• _PROBLEM STATEMENT_
Would you please write out only the lines running from the top of the listing through the one holding "Capotina pliabilă protejează", exactly, with both ends kept and pictures left out?
- - -
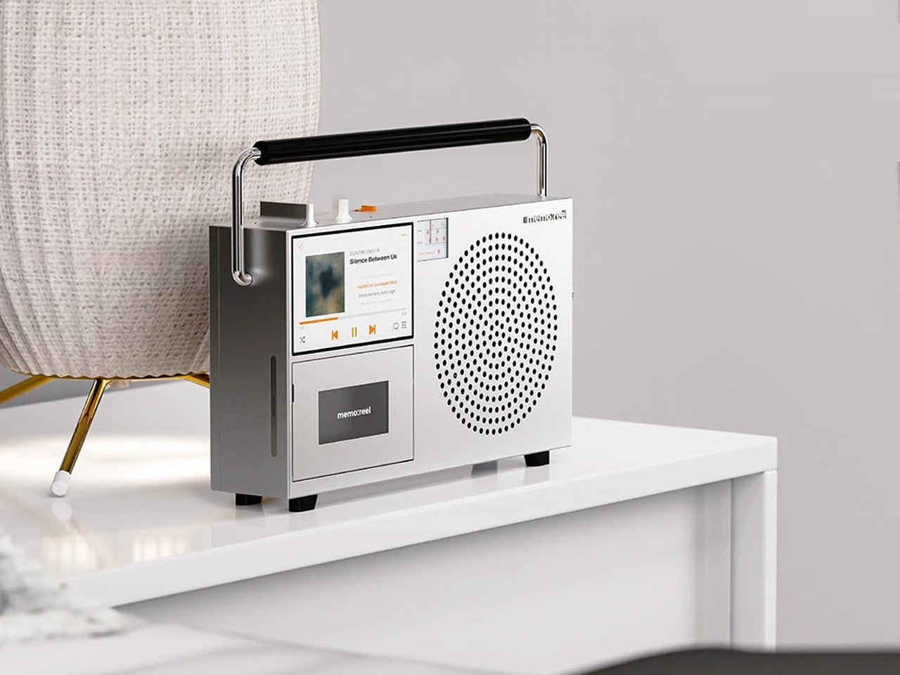 Le haut-parleur du memoreel ressemble à un lecteur de cassette traditionnel, avec des boutons tactiles pour le volume et le changement de piste. Il génère et rejoue les créations musicales basées sur les émotions enregistrées.
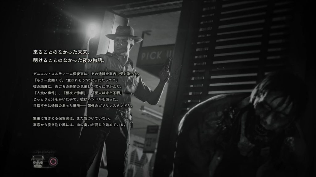 ガソリンスタンドでゾンビに襲われてしまった保安官である。
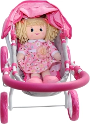 Capotina pliabilă protejează păpușa de soare, iar în landou se află o salteluță moale pentru confort. Roțile din spumă reduc zgomotul și asigură o mișcare lină, în timp ce mânerul căptușit este plăcut la atingere. Căruciorul se pliază plat pentru depozitare și transport ușor.
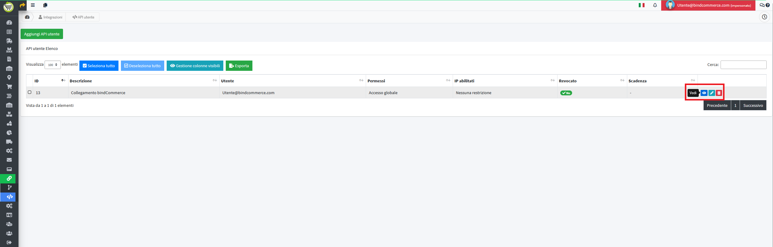Cliccando sul pulsante blu “vedi” a fianco all’utente API si possono vedere le informazioni dell’utente appena creato, con annessa chiave API che tornerà utile durante la configurazione del nodo su bindCommerce.
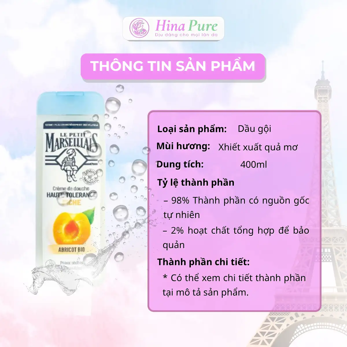 Nước (aqua), sodium cocoyl glutamate, glycerin, coco-glucoside, dầu hạt hướng dương (Helianthus annuus seed oil), axit citric (citric acid), natri benzoate (sodium benzoate), xanthan gum, hương liệu (fragrance), bột tảo đỏ (Chondrus crispus powder), chiết xuất quả mơ (Prunus armeniaca fruit extract)
- - -
• _RESPONSE_
 Le haut-parleur du memoreel ressemble à un lecteur de cassette traditionnel, avec des boutons tactiles pour le volume et le changement de piste. Il génère et rejoue les créations musicales basées sur les émotions enregistrées.
 ガソリンスタンドでゾンビに襲われてしまった保安官である。
 Capotina pliabilă protejează păpușa de soare, iar în landou se află o salteluță moale pentru confort. Roțile din spumă reduc zgomotul și asigură o mișcare lină, în timp ce mânerul căptușit este plăcut la atingere. Căruciorul se pliază plat pentru depozitare și transport ușor.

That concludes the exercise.